FWIW I realize there are other related patches, and maybe some of the
discussion is happening on those threads. But that's just another reason
to post the summary here - as a reviewer I'm not going to read random
other patches that "might" have relevant info.

-----

The way I understand it, the ultimate goal is to allow extensions to
define formats using CREATE XYZ. And I agree that would be a very
valuable feature. But the proposed patch does not do that, right?

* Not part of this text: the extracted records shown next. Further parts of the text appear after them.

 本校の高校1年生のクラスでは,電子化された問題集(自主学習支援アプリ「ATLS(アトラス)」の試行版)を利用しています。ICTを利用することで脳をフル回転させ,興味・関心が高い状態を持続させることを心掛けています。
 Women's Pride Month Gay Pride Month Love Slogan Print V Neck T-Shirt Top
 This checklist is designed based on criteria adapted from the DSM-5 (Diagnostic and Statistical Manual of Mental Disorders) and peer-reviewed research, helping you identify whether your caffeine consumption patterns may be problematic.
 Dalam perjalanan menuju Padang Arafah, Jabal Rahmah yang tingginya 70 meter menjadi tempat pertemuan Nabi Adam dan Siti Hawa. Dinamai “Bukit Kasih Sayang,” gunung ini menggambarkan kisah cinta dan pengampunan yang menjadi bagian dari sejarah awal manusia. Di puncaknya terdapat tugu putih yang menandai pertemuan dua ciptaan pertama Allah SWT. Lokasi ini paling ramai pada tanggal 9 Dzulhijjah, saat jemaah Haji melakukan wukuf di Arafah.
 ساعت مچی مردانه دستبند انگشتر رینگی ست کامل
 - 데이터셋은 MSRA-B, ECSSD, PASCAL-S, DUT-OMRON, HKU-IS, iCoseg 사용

It
only does some basic things at the C level, there's no DDL etc.

Per the commit message, none of the existing formats (text/csv/binary)
is implemented as "copy routine". IMHO that's a bit strange, because
that's exactly what I'd expect this patch to do - to define all the
infrastructure (catalogs, ...) and switch the existing formats to it.

Yes, the patch will be larger, but it'll also simplify some of the code
(right now there's a bunch of branches to handle these "old" formats).
How would you even know the new code is correct, when there's nothing
using using the "copy routine" branch?

In fact, doesn't this mean that the benchmarks presented earlier are not
very useful? We still use the old code, except there are a couple "if"
branches that are never taken? I don't think this measures the new
approach would not be slower once everything gets to be copy routine.

Or what am I missing?

Also, how do we know this API is suitable for the alternative formats?
For example you mentioned Arrow, and I suppose people will want to add
support for other column-oriented formats. I assume that will require
stashing a batch of rows (or some other internal state) somewhere, but
does the proposed API plan for that?

My guess would be we'll need to add a "private_data" pointer to the
CopyFromStateData/CopyToStateData structs, but maybe I'm wrong.

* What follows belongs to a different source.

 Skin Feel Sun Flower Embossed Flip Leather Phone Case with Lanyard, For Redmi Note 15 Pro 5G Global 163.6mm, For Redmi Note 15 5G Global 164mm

Also, won't the alternative formats require custom parameters. For
example, for column-oriented-formats it might be useful to specify a
stripe size (rows per batch), etc. I'm not saying this patch needs to
implement that, but maybe the API should expect it?

-----

To sum this up, what I think needs to happen for this patch to move forward:

1) Switch the existing formats to the new API, to validate the API works
at least for them, allow testing and benchmarking the code.

2) Try implementing some of the more exotic formats (column-oriented) to
test the API works for those too.

3) Maybe try implementing a PoC version to do the DDL, so that it
actually is extensible.

It's not my intent to "move the goalposts" - I think it's fine if the
patches (2) and (3) are just PoC, to validate (1) goes in the right
direction. For example, it's fine if (2) just hard-codes the new format
next to the build-in ones - that's not something we'd commit, I think,
but for validation of (1) it's good enough.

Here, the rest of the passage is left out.